For sixteen years, Archbishop Renato Martino did important service for the Church at the United Nations, where he was the Holy See’s Permanent Observer. He vigorously defended the cause of life, fought off attempts to have the Holy See stripped of its position at the U.N., and made the Vatican delegation a real presence in U.N. affairs.
George Weigel is author of the bestselling book The Courage to Be Catholic: Crisis, Reform, and the Future of the Church, plus many others. This column is reprinted courtesy of the Denver Catholic Register.
In recognition of these accomplishments, Archbishop Martino was appointed president of the Pontifical Council for Justice and Peace last year, on the death of the gentle Vietnamese martyr-confessor, Cardinal Francis Xavier Nguyen Van Thuan.
In the months prior to the current military intervention to enforce disarmament in Iraq, Archbishop Martino was a vocal proponent of a diplomatic solution to the conflict. That was surely his prerogative, and indeed his responsibility although some will wonder whether his pre-war description of any possible military intervention as a “crime against peace that would cry out for God’s vengeance” was not over-the-top rhetorically (not least because it came almost simultaneously with reports that Osama bin Laden had issued a fatwa urging the revenge-murder of Americans all over the world).

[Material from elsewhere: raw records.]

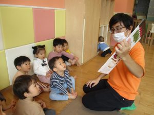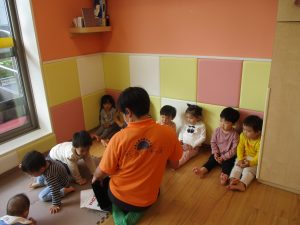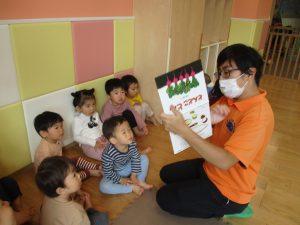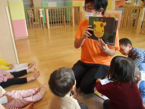 普段は横開きの絵本が主流の為、物珍しさと絵の大きさの迫力にお子様達は眼が釘付けとなっております♪
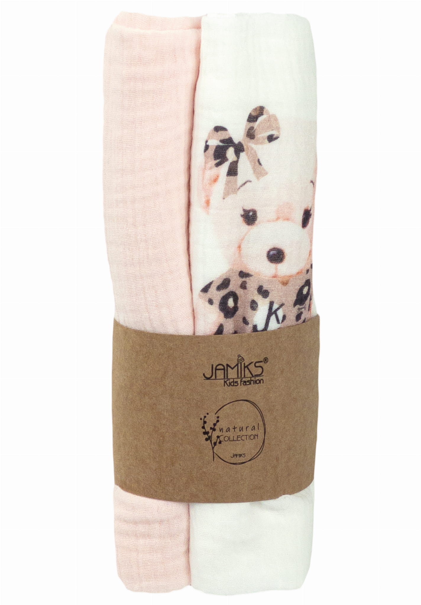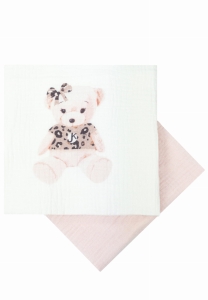 Pieluszki muślinowe organic ASTRID misiu róż+j.morela 2-pack
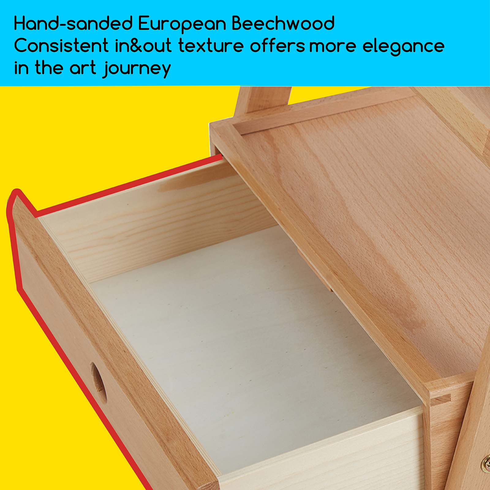 Revolutionise your creative space with the MEEDEN studio h frame Easel. A professional large wooden Studio H-Frame Easel with an artist storage supply drawer and a supply shelf. A natural wood colored easel that's oil finished. Made with hand sanded high quality aged Beechwood that's grown in Germany. A solid and sturdy easel with an adjustable height mast that allows it to accommodate a canvas up to 35" high.
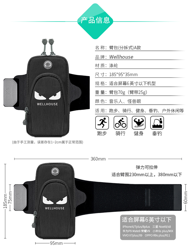 商品名称:WELLHOUSE WH-06950 手机臂包 6英寸以内 音乐人
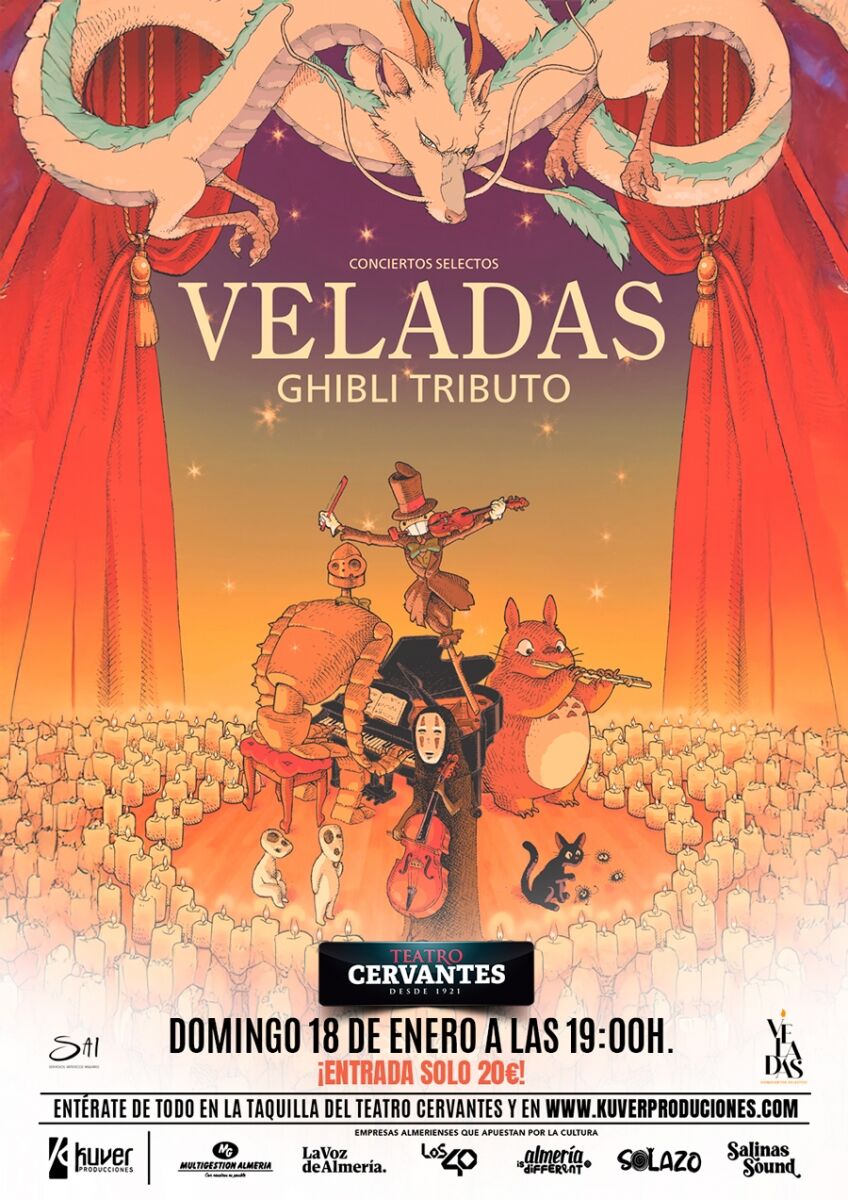 «Veladas Ghibli Tributo», un concierto único en homenaje a las obras más icónicas del legendario estudio de animación japonés. Bajo la mágica atmósfera creada por miles de velas interpretaremos, en directo, las composiciones más queridas de películas como El Viaje de Chihiro, Mi vecino Totoro, La princesa Mononoke, el castillo ambulante y mucho más…
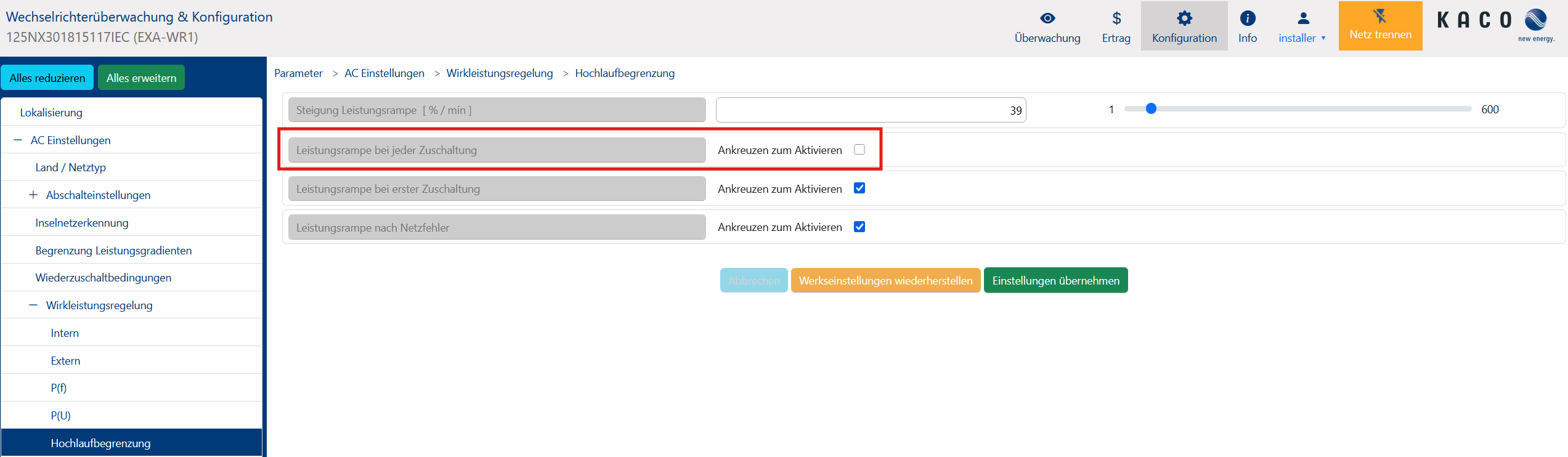 Wenn eine Einspeisebegrenzung am Netzverknüpfungspunkt umgesetzt werden muss, muss die folgende Funktion deaktiviert werden:
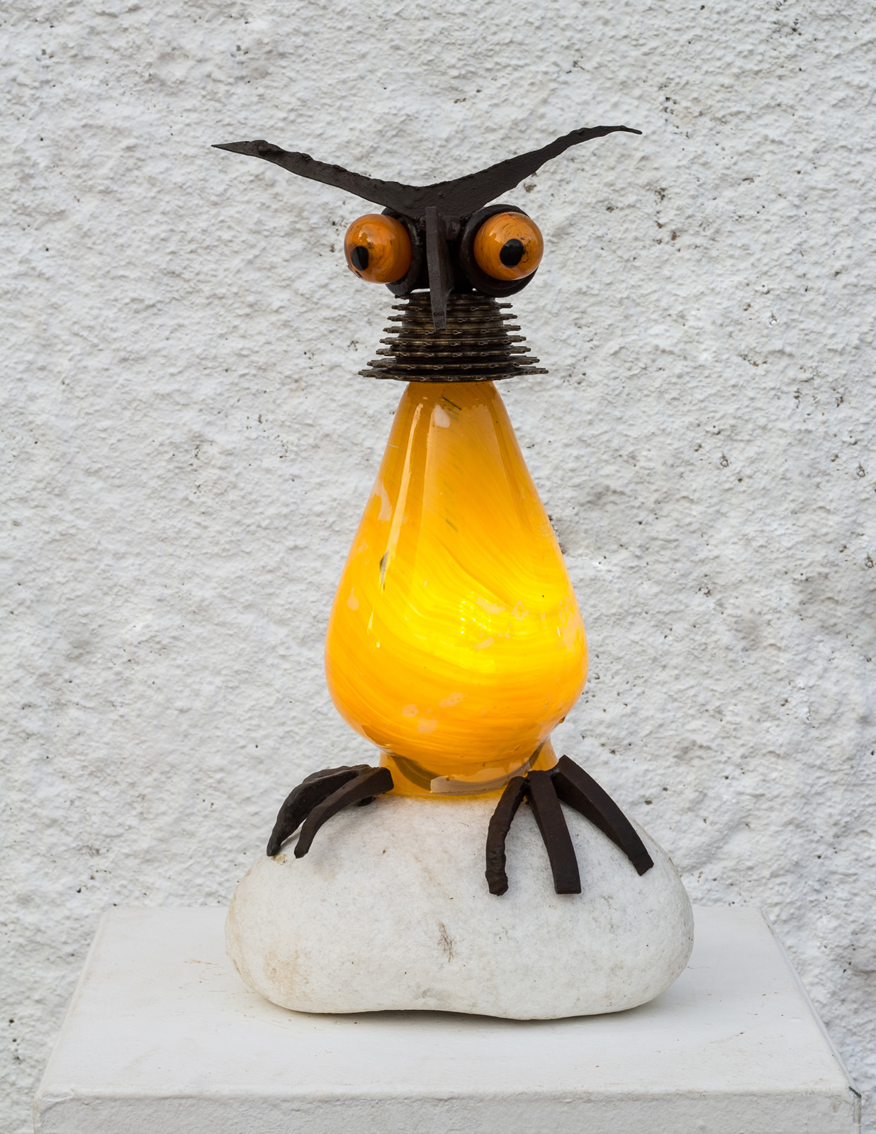 Lámparas sobre mesa. Vidrio soplado y hierro. 50x30cm aproximadamente.
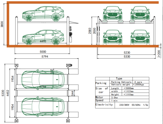Questo GPARK PFP-TD è una soluzione economica per consentire il parcheggio di 4 veicoli in 2 posti auto. Un tipo di sollevatore per auto semplice, adatto sia a scopi commerciali che residenziali.
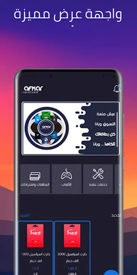 تسوق بطاقات شحن اونلاين والاشتراكات الترفيهية وخدمات عامة الكترونية

In late March, however, Archbishop Martino’s comments on a possible intervention in Iraq moved beyond the prudential and engaged questions of doctrine. Indeed, the archbishop seemed to repeal fifteen hundred years of settled Catholic teaching with a single adverb. Here is the exchange, from the March 23-29 issue of the National Catholic Register:
Question: “Are you suggesting there is no such thing as a just war anymore?”
Archbishop Martino: “Absolutely. I think with modern weaponry, there is no proportionality between the offense and the reply. It makes much more damage. War is so destructive now. It is not just a fight between one person and another.”
The president of the Pontifical Council for Justice and Peace is not the voice of the Church’s magisterium on matters of doctrine. Knowledgeable Vatican observers may wonder whether it is altogether appropriate for the president of Justice and Peace to take such a high-profile role in commenting on matters of international politics; articulating the Holy See’s position on these questions would seem to be the responsibility of the Vatican’s “foreign minister,” or Secretary for Relation with States. But many, indeed most, people are quite unaware of the nuances of the Vatican bureaucracy, and of the difference between the prudential judgments of Vatican officials and the teaching authority of the Catholic Church.
Which is to say that many people, reading that interview with Archbishop Martino, drew the conclusion, not unreasonably, that the Catholic Church no longer believed a just war possible.
That is not the teaching of the Catholic Church. It is the personal opinion of Archbishop Martino. And, in all charity, it seems an opinion uninfluenced by pertinent facts.
The fact of the matter vividly displayed in the 24/7 television coverage of the war against Saddam Hussein’s regime is that precision guided munitions (“smart bombs”) make it far, far easier to observe the just war-conduct principles of proportionality (no more force than necessary to achieve a legitimate military objective) and discrimination (non-combatant immunity) than in the past. War can be less destructive, and force more precisely focused on legitimate targets and combatants, because of modern technology.
Moreover, war, as the just war tradition understands it, has never been “a fight between one person and another.” “War,” in the just war tradition, is the use of armed force for public goods by legitimate public authorities. That is what distinguishes war from piracy, brigandage, dueling, or just plain wickedness. Surely this is obvious to those familiar with the tradition.
Then there is the pastoral implication of the archbishop’s statement that a just war today is “absolutely” precluded: which is that the men and women of the armed forces are, de facto, in peril of their souls. That is certainly not the teaching of the Catholic Church, and it almost certainly isn’t what Archbishop Martino, a pastorally sensitive man, intended to imply. But it is precisely what is suggested by his use of “absolutely.”
Noble intentions notwithstanding, something is seriously awry here. It must be repaired, promptly, to safeguard the integrity of the Church’s doctrine, its theology, and its moral witness for peace.